Physiotherapy treatment is usually prescribed at the stage of resolving inflammatory processes in the auditory analyzer. To accelerate the regeneration processes and the final destruction of pathogenic flora, phototherapy, electrotherapy, mechanotherapy, etc. are used. It is necessary to treat bilateral otitis media taking into account the following characteristics:

  • the age and gender of the patient;
  • the physical state;
  • stage of development of pathology;
  • medical history and anamnesis.

Physiotherapy procedures are aimed at restoring normal blood circulation in tissues. Intensive nutrition of cells with oxygen and nutrients accelerates the epithelialization of the ear mucous membranes. In pediatric therapy, the following treatment methods are used to treat otitis media:

  • electrophoresis - the introduction of anti-inflammatory and antiseptic solutions into the affected tissues by means of an electric current; helps to eliminate pathological foci, restore tissue integrity and increase local immunity;
  • ultra-high-frequency therapy (UHF-therapy) - exposure of the hearing organ to high-frequency electromagnetic fields; relieves pain, accelerates the regression of inflammation and the process of epithelialization of the mucous membrane in the tympanic cavity;
  • magnetotherapy - the effect of a constant magnetic field on tissues affected by inflammation; unlike UHF therapy, it does not lead to tissue heating, which prevents burns;
  • darsonvalization - treatment of inflammatory processes with high-frequency impulse currents; helps to increase the tone of peripheral vessels, restore tissue trophism, relieve pain and inflammation.

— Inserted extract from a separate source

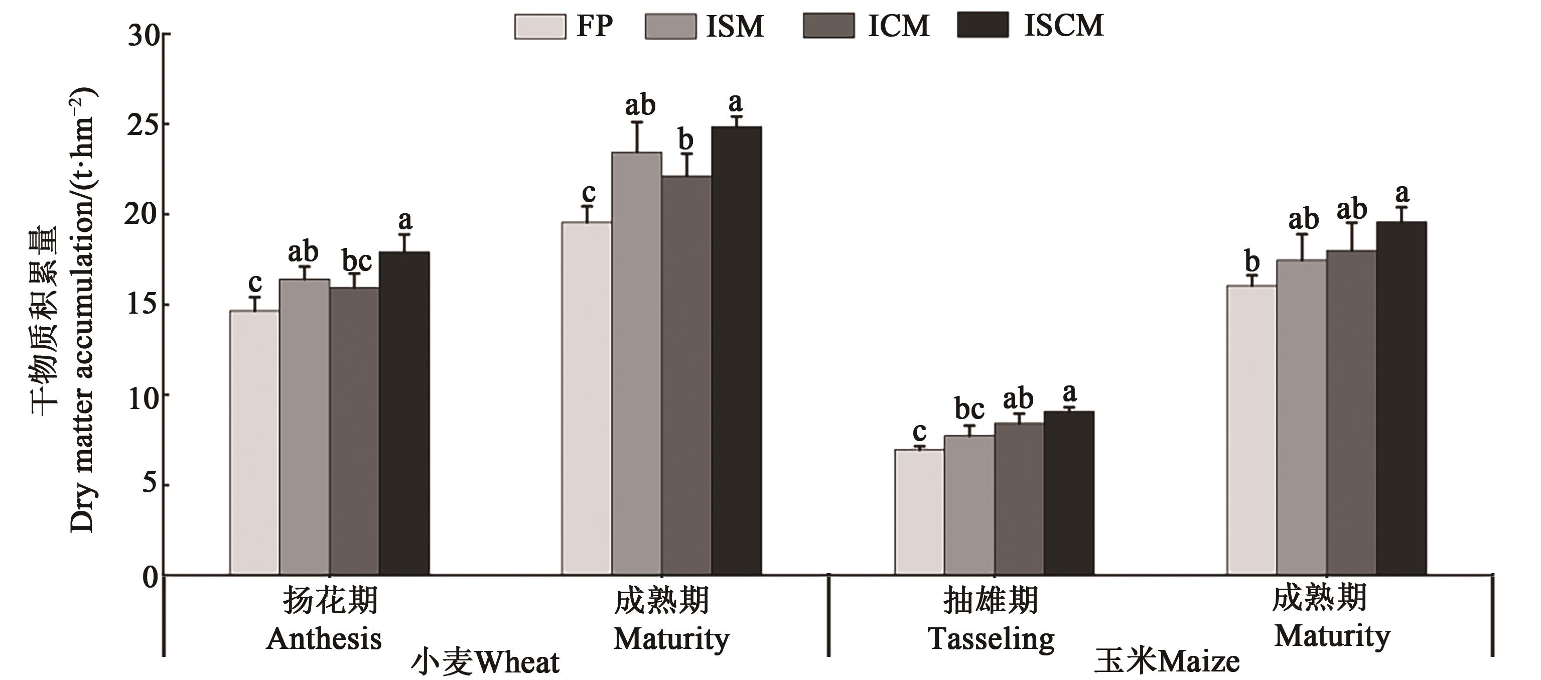 Fig. 2 Dry matter accumulation of wheat and maize under different improvement treatmentsNote:Different lowercase letters under the conditions of same crop and same period indicate significant differences among treatments at P < 0.05 level.
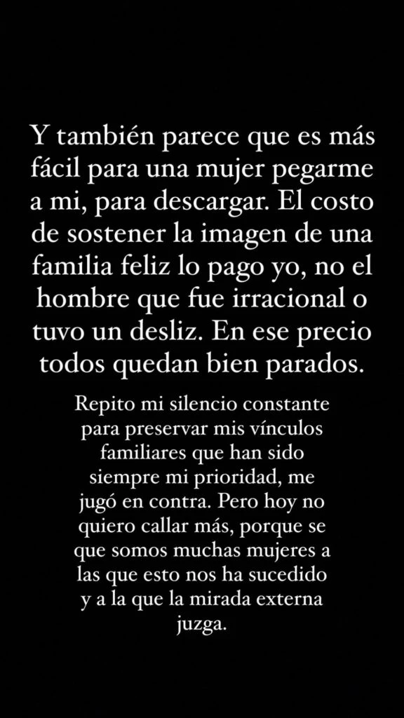 “Lo que está sucediendo hoy tiene detrás una historia mucho más grande y profunda de la que seguramente muchas mujeres van a sentirse identificadas. Me ha toca relacionarme con hombres a los que les he creído siempre sus palabras: que estaban separados o separándose y que no había conflictos”, escribió en una de sus stories.

Can a sore ear be warmed up? Heat therapy can be used exclusively at the stage of resolving pathological processes. Warming up the ear with a reflex lamp increases blood flow to the affected areas, as a result of which stagnant processes are eliminated.

Dry heat allows you to eliminate pain, accelerate the regeneration of epithelial tissues and prevent the reproduction of pathogens. In the process of thermotherapy, several important rules must be taken into account, namely:

  1. the patient's eyes are closed to prevent drying out of the mucous membrane;
  2. the blue lamp is set at a distance of 20-30 cm from the diseased ear;
  3. the duration of the procedure should be approximately 5-7 minutes;
  4. it is advisable to carry out at least 3 sessions of therapy per day.

Physiotherapy prevents the recurrence of pathology and helps to strengthen local immunity. Apparatus treatment of ENT pathologies in children should be accompanied by the intake of anti-inflammatory and antimicrobial medications.